Major Power Economic Dynamics in LATAM

Dr Renny Castaneda
Assessing the Future of Latin America’s Major Economic Power DynamicsAssessing the Future of Latin America’s Major Economic Power Dynamics

During the second half of the 20th century, Latin America experienced prominent political and economic volatility, slow economic growth, and a myriad of security threats that affected the region unevenly. This mixture of variables delayed the capacity of the Latin American regimes to engage in a post-war industrialization period led mainly by Europe and followed by countries such as Japan, Singapore, Korea, Hong Kong, or China. Over time, and due to the increasing number of far-left regimes fueled by the 2000 Latin America commodity boom, the region’s countries rapidly fragmented, following different ideologies that produced devastating effects in some cases. 

During the last two decades, the region’s economic and political landscape has changed dramatically. On the one hand, economies formerly recognized as nodes of economic development such as Venezuela, rapidly muted into a bizarre version of tropical communism, enduring long-term hyper-inflationary periods and exodus only comparable with those suffered by Europe during World War II. By 2020, the United Nations Refugee Agency (UNHCR) (1) estimated 5.4 million refugees and migrants from Venezuela with an 8,000 percent increase in the number of Venezuelans seeking refugee status worldwide since 2014 (2). In contrast, a country like Peru, being one of the poorest of the region, has been able to quadruple their PIB Per capita since the 80s, with expected economic growth above 5 percent for the upcoming five years (3). 

As a preliminary caveat, in some cases, the real size and capabilities of different Latin American economies are distorted due to the increasing size of criminal organizations, and particularly narco-traffic groups, some of which have their main territorial dominance in Colombia, Mexico, Peru, Venezuela, Brazil, and Bolivia. Since the late 70s, the economic assessments of these countries have often ignored the size and influence of illegal flows of capital. For instance, drug trafficking in the Colombian economy has weighted up to 3.5 percent of the GDP, becoming a source of last resource liquidity amid recession or deflationary trends (4). This phenomenon has allowed certain communities and regions to engage in fictional or bubble economics where small but potent illegal organizations can distort the markets, leaving behind inflationary pressures endured by the lowest segments of the population. 
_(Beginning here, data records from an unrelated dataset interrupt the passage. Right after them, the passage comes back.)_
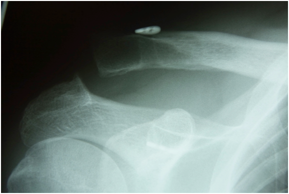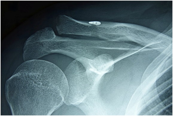 Treatment of acute acromioclavicular (AC) disruptions is controversial.1-2 Both operative and non-operative treatments can be acceptable. High grade AC injuries, with complete disruption of the coracoclavicular (CC) ligaments, have been those considered for surgical intervention.3-4 A variety of surgical procedures have been proposed over the years.5-11 Complications after AC surgery are relatively common with the most common being loss of reduction. Other problems include hardware failure,12-14 fracture of the clavicle or coracoid,15 and heterotopic ossification.
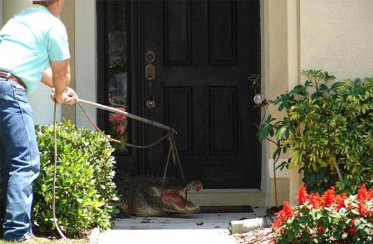 图:11英尺大鳄鱼爬到住户门外困住主人(3)
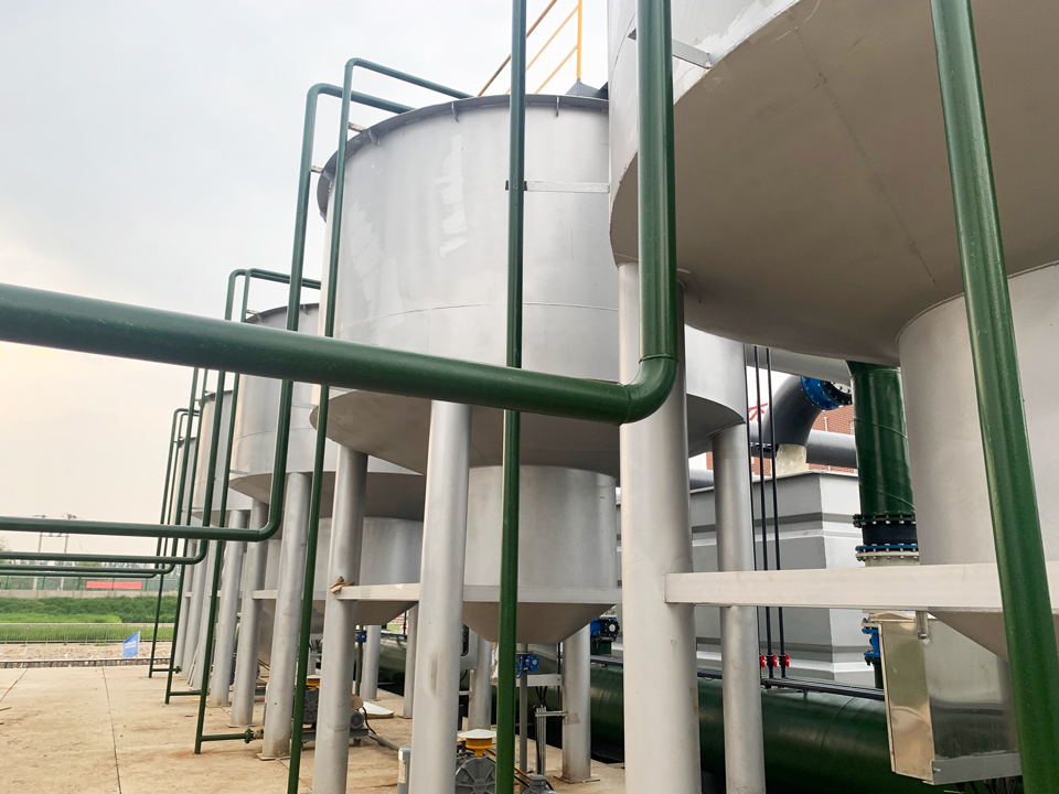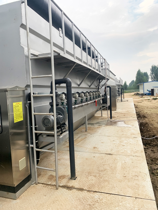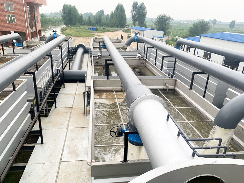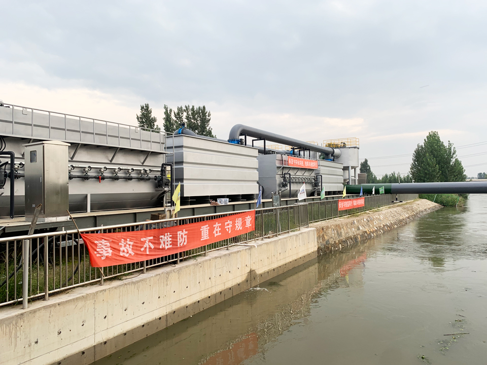 保定市府河河水自流到木欠庄泵站网笼,由提升泵将河水从集水池提升到水处理设备;经过水质净化设备后,被分离的清水通过中心桶后直接进入府河;当府河上游水质监测数据达标后,解除预警,府河达标水质直接进入下游。
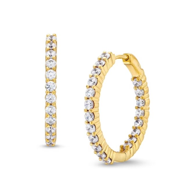 18W Oval .75" In/Out Diamond Hoop Earrings
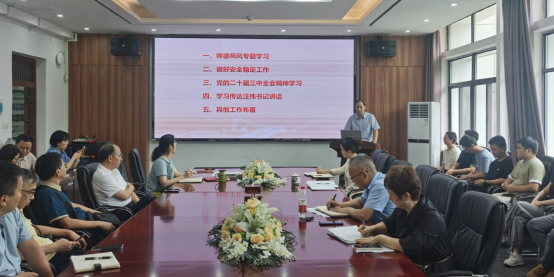 会上,学院党委书记江本武带领全体教职工学习了 “学校党委三届九次全体(扩大)会议暨2024年秋季学期中层干部会议精神”,重点学习了党的二十届三中全会精神,传达了汪伟书记在中层干部会上的讲话,并部署了近期有关师德师风专题工作及安全稳定等工作任务。
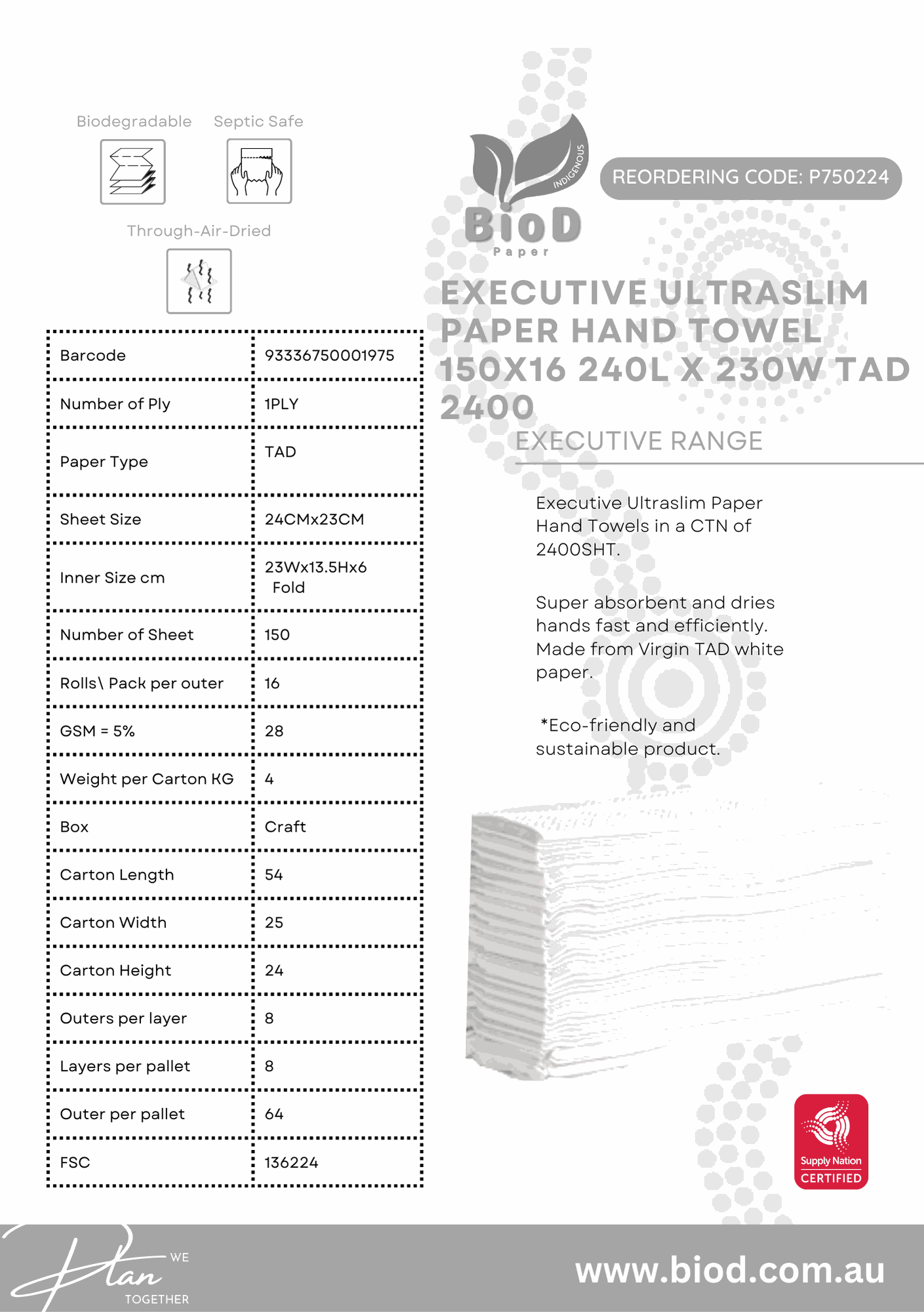 (INDIGENOUS OWNED) BIOD - EXECUTIVE ULTRASLIM PAPER HAND TOWEL 150X16 240L X 230W TAD 2400
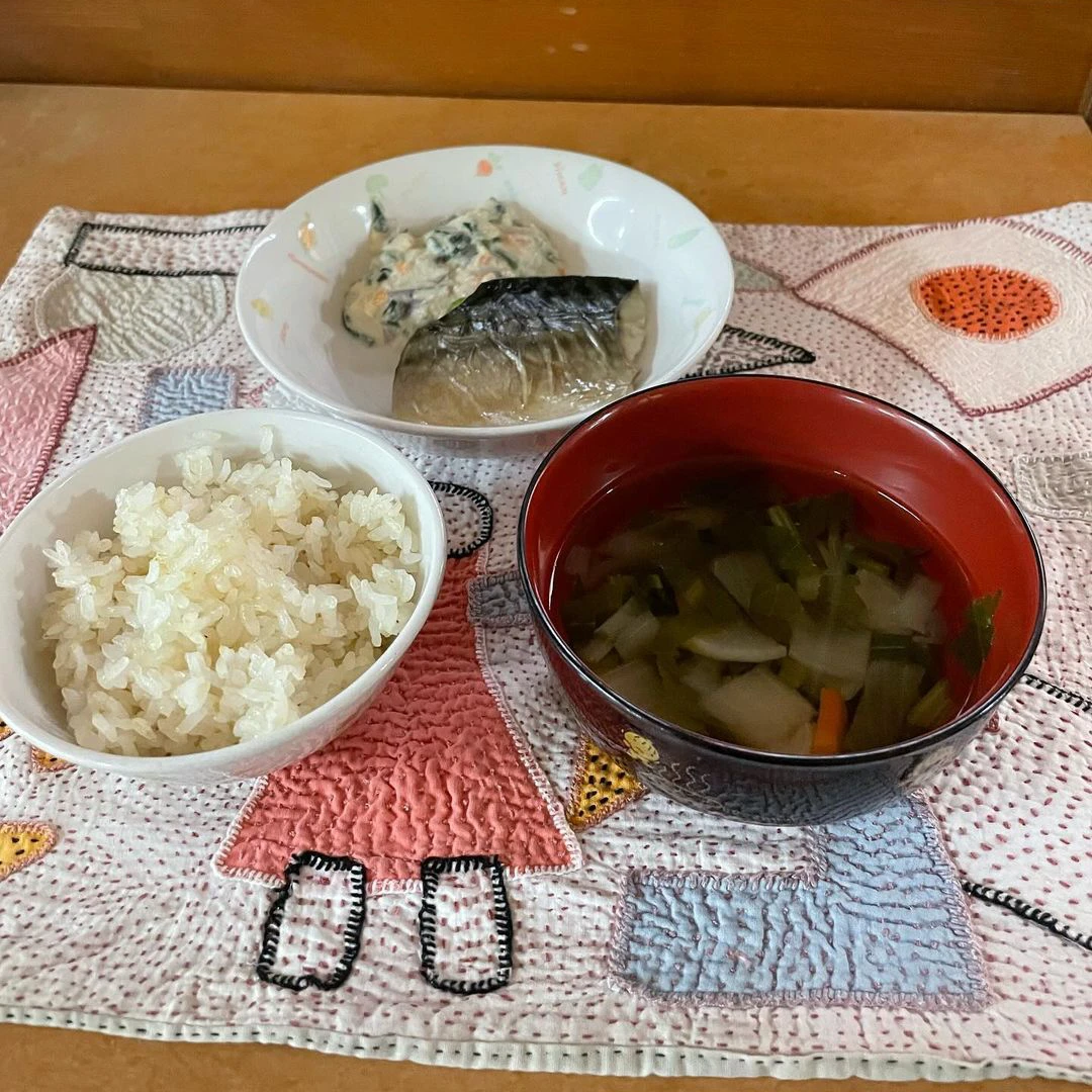 メニューは、鯖の塩焼き、ほうれん草の白和え、かぶのすまし汁です。

This background makes it difficult to assess the real stage of development of the Latin American economies, eroding the possibility of addressing the stage of a permanent economic contest between countries in the region. Moreover, these settings reorient the commercial and political interests of the countries from the outside to the inner domestic urgencies derived from the social, cultural, and political constitution of each nation. However, in recent years, the region has experienced economic and political events that can split the economic landscape for the years to come, where highly state-owned economic systems aim to challenge market economies eager to provide goods and services for the region and the rest of the world.  

The region’s economic fragmentation

Over the second half of the 20th century, Cuba’s influence in the Latin American region slowly diverted the regional culture into an ideological battlefield. The strong influence of communist ideas rapidly colonized marginalized or poor populations of the early market economies, becoming a device of social discontent boosted by the polarizing interests of the United States and the former Soviet Union (5). This historical background served as the cornerstone of Latin America’s political systems, often unable to steer cultural and social differences while developing market economies in an unstable political environment. The 2000 Latin American commodity boom served as the tipping point of the ideological trends that erupted early in the Cold War. The large-scale spending of the Venezuelan regime of 1999, led by Hugo Chavez, rapidly fueled the political power of far-left political parties all over the region, turning Latin America into a region of trans-hemispheric strategy (6). This phenomenon increased social tensions between the rich and the poor sharply, helping the arrival of neo-communist regimes in Nicaragua, Bolivia, Venezuela, and Argentina, and notable cases of state interventionism in Brazil, Paraguay, and Colombia. (7) Latin America’s economic landscape changed dramatically, divided into a mixture of weak market economies on the one side and state-owned economies on the other.